Member of the National Assembly
- In office June 1999 – May 2009

Personal details
- Born: 28 February 1945 Bloemfontein, Orange Free State Union of South Africa
- Died: 4 August 2005 (aged 60) Richards Bay, KwaZulu-Natal South Africa
- Party: African National Congress
- Alma mater: University of Zululand

= Faith Gasa =

South African politician (1945–2005)

Faith Xolile Gasa (28 February 1945 – 4 August 2005) is a South African politician who was KwaZulu-Natal's Member of the Executive Council (MEC) for Education and Culture from August 2000 to June 2001. She represented the Inkatha Freedom Party (IFP) in the National Assembly from 1994 to 1995 and in the KwaZulu-Natal Legislature from 1995 until her death in 2005. A teacher by profession, she was also a former chairperson of the IFP Women's Brigade.

== Early life and career ==
Gasa was born on 28 February 1945 in Bloemfontein in the former Orange Free State. She completed a nursing diploma in 1967 and went on to complete her undergraduate degree at the University of Zululand in the former Natal province. In 1973, she moved to Vryheid to teach high school; she was later elected life president of the Natal Teachers Union. She was a founding member of Inkatha (later the IFP) in 1975 and later became chairperson of its Women's Brigade. She was also a member of the IFP's delegation the Convention for a Democratic South Africa.

== Legislative career: 1994–2005 ==
In South Africa's first post-apartheid elections in 1994, Gasa was elected to represent the IFP in the National Assembly, the lower house of the new South African Parliament, where she also served as Deputy Chairperson of Committees. In 1995, she left Parliament to join the IFP's caucus in the KwaZulu-Natal Legislature. She served in the legislature until her death, gaining re-election to full consecutive terms in 1999 and 2004. She led the IFP's campaign in the Northern Province in the 1999 election and the Mail & Guardian described her as a "moderate heavyweight" in the party.

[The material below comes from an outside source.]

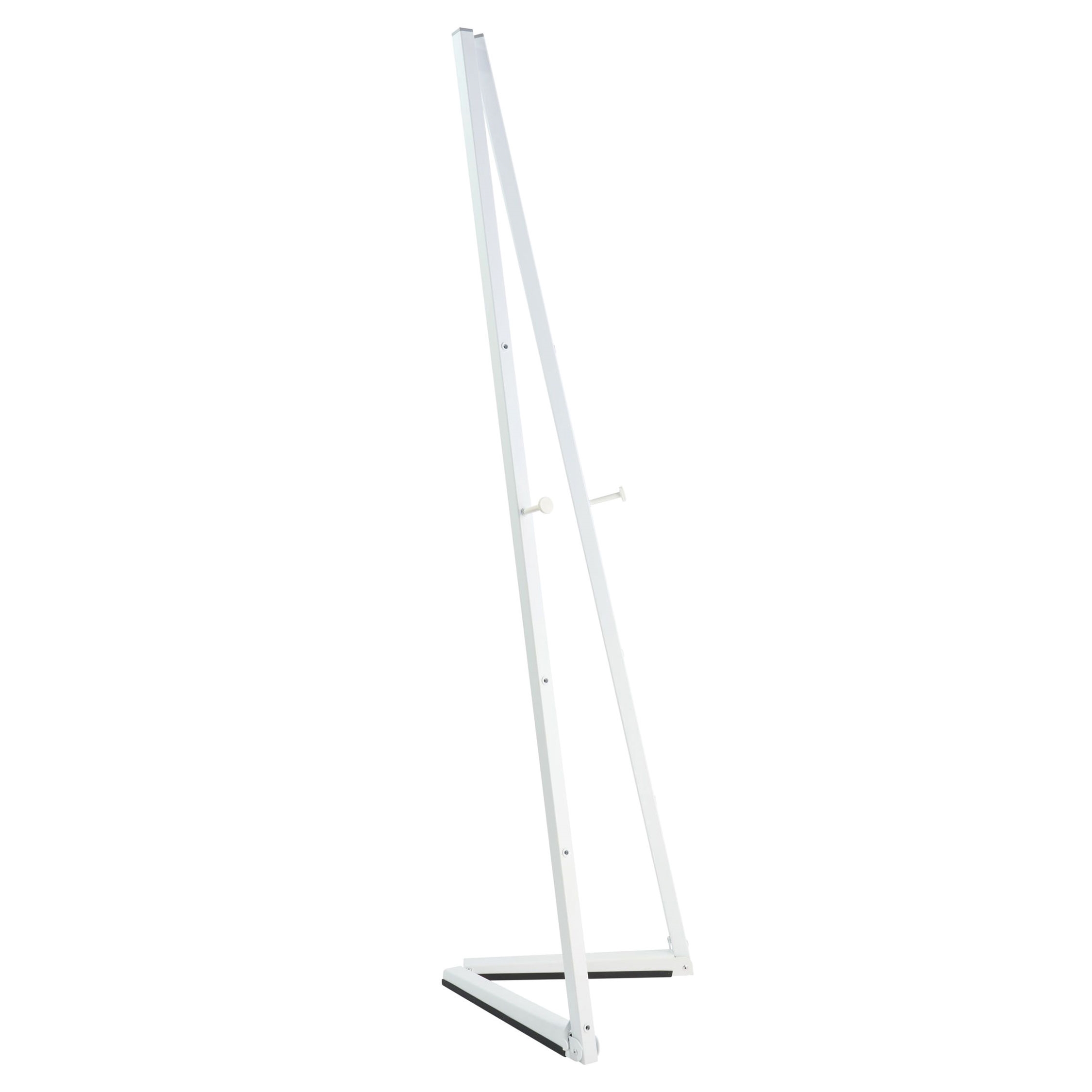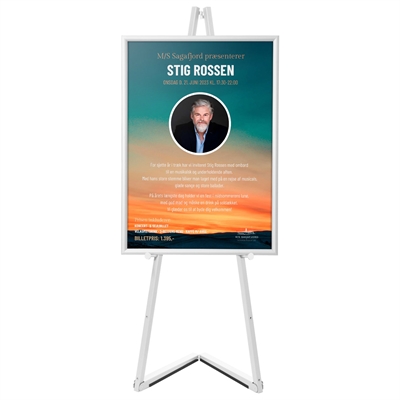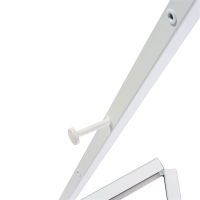 Hvitt gulvstaffeli for klikrammer er en moderne versjon av det klassiske staffeliet for malerier. Staffeliet er laget av stål med stilren hvit overflate. Et svært brukervennlig produkt som settes opp og pakkes sammen på under 30 sekunder og transporteres enkelt. Det støtter klikrammer i størrelsene: A4, A3, A2, B2, A1, B1 og A0 – både stående og liggende format.

=== MEC for Education and Culture: 2000–2001 ===
In August 2000, KwaZulu-Natal Premier Lionel Mtshali appointed Gasa to the KwaZulu-Natal Executive Council as MEC for Education and Culture; she replaced Eileen KaNkosi-Shandu, who was sacked for nepotism. In October of that year, several newspapers reported that Gasa had not reported to the office for three weeks, and Gasa's husband told the press that she had not gone to the office because there was "a common belief that she is being bewitched by Shandu", her predecessor. Mtshali reportedly ordered that the office should be refurbished and repainted. Gasa said that she planned to return to work but sack her entire staff, who she believed remained loyal to KaNkosi-Shandu: the BBC quoted her as saying, "They are all going. By Monday I will have proper staff, not a bunch of reptiles". KaNkosi-Shandu said that she had "no problem with [Gasa]" and that she was "so confused" by the allegation that she did not know how to respond.

On 1 June 2001, Mtshali announced that Gasa had resigned as MEC. IOL reported that she had been under pressure to resign, particularly after she failed to arrive at a legislative sitting in which she was supposed to report to the legislature on the state of her department. The opposition African National Congress agreed, with Mtholephi Mthimkhulu saying, "We do not believe she resigned voluntarily. She was a captain of a sinking ship." Several days later, Gasa denied that she had agreed to resign and demanded to be reinstated. She remained an ordinary Member of the Provincial Legislature after leaving the Executive Council.

== Personal life and death ==
Gasa was hospitalised in 2005 and died several months later on 4 August 2005 in Richards Bay. She was married to Enoch Gasa, whom she had met at university. He predeceased her by several months.